THE TASK:
Beginning with the line containing "course, the patient" and going on through the line containing "ABOVE: FOUR SHS", the lines below are to be returned exactly, pictures excluded and nothing added.

[Opening EXERCISE DATA section]

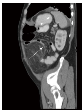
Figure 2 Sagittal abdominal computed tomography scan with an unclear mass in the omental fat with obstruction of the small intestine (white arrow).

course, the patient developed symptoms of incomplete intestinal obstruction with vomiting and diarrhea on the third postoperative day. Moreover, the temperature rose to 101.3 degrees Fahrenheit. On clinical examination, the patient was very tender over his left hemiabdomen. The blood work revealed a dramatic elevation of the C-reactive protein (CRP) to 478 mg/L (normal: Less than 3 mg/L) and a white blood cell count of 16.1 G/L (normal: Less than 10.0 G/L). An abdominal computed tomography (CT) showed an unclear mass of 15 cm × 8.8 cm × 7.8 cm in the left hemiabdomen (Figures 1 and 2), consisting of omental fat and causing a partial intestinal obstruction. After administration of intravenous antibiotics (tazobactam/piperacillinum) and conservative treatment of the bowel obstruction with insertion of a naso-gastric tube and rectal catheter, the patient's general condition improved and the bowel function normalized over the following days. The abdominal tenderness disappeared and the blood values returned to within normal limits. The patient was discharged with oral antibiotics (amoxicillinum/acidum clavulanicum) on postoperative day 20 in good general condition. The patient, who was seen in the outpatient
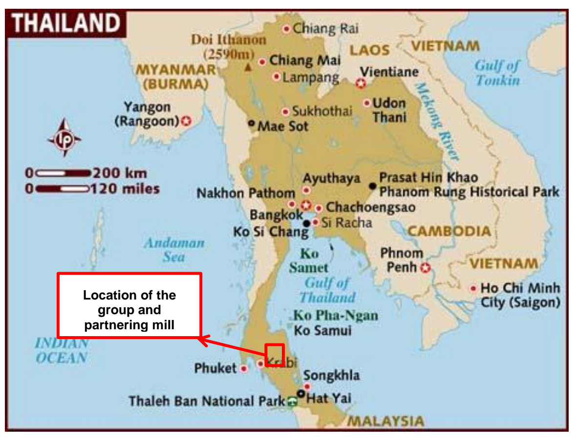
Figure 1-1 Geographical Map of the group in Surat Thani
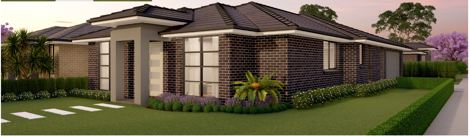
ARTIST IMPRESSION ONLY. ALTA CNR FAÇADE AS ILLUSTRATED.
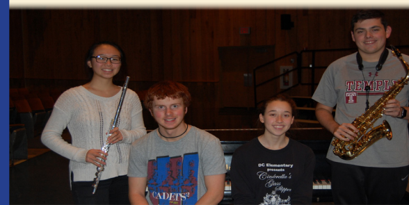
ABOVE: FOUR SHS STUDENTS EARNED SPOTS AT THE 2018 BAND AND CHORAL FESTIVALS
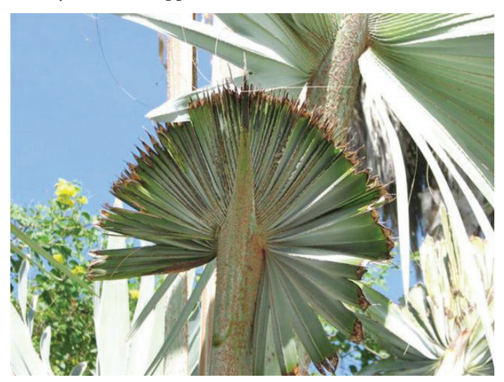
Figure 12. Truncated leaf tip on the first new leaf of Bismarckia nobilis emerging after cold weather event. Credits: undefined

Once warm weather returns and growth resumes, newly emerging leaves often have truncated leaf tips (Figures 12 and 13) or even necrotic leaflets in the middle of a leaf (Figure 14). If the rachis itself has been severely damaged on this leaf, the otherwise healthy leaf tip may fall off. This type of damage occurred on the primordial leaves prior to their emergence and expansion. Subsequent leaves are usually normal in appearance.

[Closing EXERCISE DATA section]
[Opening EXERCISE DATA section]

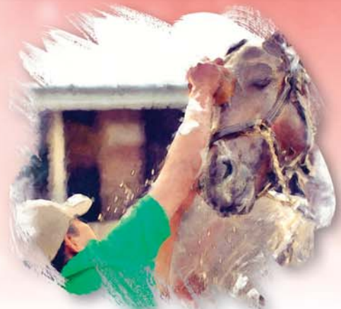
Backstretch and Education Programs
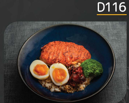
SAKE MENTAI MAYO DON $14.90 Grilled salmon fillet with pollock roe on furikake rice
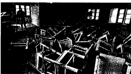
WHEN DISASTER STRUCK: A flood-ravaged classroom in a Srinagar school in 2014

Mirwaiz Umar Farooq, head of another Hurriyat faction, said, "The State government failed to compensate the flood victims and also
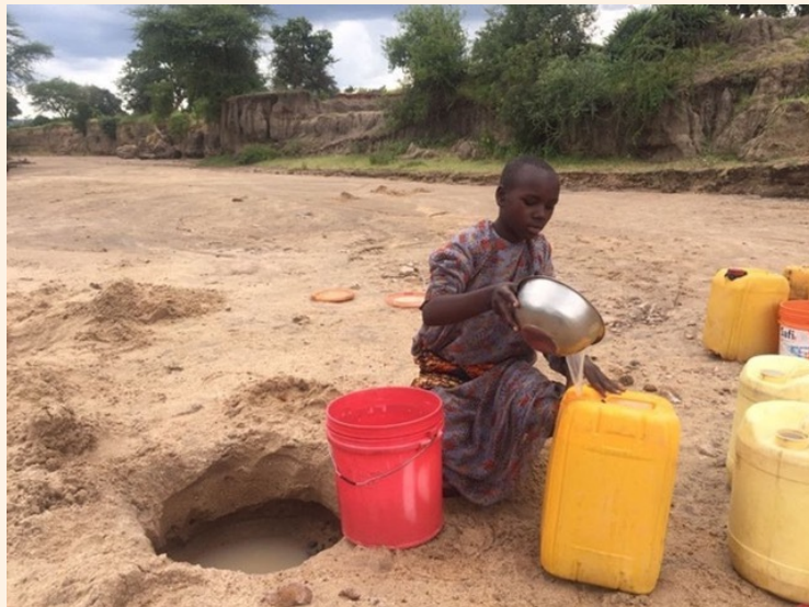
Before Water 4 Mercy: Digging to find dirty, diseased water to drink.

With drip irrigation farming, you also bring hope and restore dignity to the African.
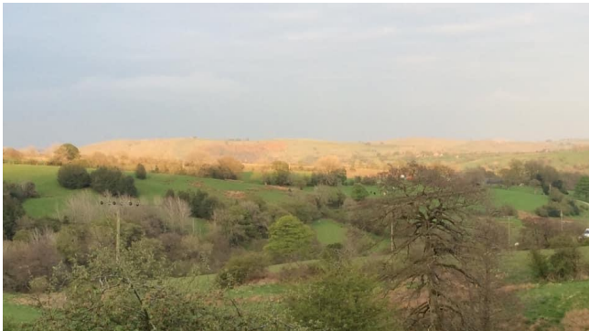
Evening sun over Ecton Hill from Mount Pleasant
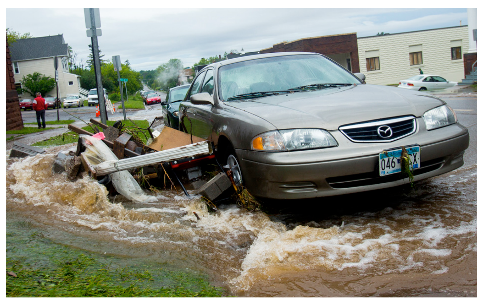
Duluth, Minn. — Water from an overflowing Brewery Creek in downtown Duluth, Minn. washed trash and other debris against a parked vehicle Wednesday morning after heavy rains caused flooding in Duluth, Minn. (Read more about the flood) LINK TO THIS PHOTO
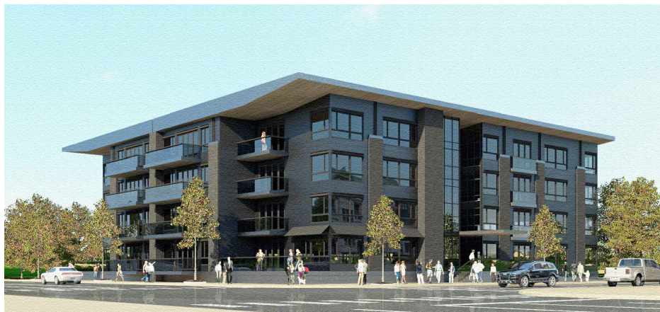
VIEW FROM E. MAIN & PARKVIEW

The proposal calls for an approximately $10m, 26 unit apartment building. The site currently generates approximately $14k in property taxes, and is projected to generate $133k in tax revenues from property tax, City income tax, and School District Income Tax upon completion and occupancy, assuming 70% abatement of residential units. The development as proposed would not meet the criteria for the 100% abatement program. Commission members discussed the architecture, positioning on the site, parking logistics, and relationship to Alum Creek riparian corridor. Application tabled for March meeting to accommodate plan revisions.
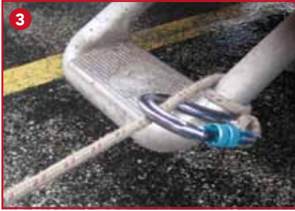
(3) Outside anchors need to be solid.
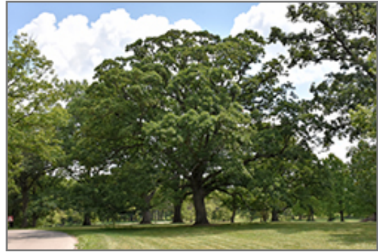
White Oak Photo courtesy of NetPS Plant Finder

[Closing EXERCISE DATA section]
[Opening EXERCISE DATA section]

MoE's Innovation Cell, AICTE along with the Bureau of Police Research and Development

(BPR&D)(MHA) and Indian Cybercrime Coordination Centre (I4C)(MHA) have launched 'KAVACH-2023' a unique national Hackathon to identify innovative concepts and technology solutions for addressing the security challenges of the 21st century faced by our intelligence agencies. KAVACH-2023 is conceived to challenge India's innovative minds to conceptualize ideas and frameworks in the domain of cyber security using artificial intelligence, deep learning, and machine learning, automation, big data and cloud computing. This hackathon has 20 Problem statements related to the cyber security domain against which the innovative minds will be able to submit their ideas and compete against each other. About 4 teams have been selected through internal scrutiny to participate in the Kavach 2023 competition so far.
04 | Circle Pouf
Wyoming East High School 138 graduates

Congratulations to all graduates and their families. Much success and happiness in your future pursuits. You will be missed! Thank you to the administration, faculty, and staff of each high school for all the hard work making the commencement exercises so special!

[Closing EXERCISE DATA section]

ANSWER:
course, the patient developed symptoms of incomplete intestinal obstruction with vomiting and diarrhea on the third postoperative day. Moreover, the temperature rose to 101.3 degrees Fahrenheit. On clinical examination, the patient was very tender over his left hemiabdomen. The blood work revealed a dramatic elevation of the C-reactive protein (CRP) to 478 mg/L (normal: Less than 3 mg/L) and a white blood cell count of 16.1 G/L (normal: Less than 10.0 G/L). An abdominal computed tomography (CT) showed an unclear mass of 15 cm × 8.8 cm × 7.8 cm in the left hemiabdomen (Figures 1 and 2), consisting of omental fat and causing a partial intestinal obstruction. After administration of intravenous antibiotics (tazobactam/piperacillinum) and conservative treatment of the bowel obstruction with insertion of a naso-gastric tube and rectal catheter, the patient's general condition improved and the bowel function normalized over the following days. The abdominal tenderness disappeared and the blood values returned to within normal limits. The patient was discharged with oral antibiotics (amoxicillinum/acidum clavulanicum) on postoperative day 20 in good general condition. The patient, who was seen in the outpatient
Figure 1-1 Geographical Map of the group in Surat Thani
ARTIST IMPRESSION ONLY. ALTA CNR FAÇADE AS ILLUSTRATED.
ABOVE: FOUR SHS STUDENTS EARNED SPOTS AT THE 2018 BAND AND CHORAL FESTIVALS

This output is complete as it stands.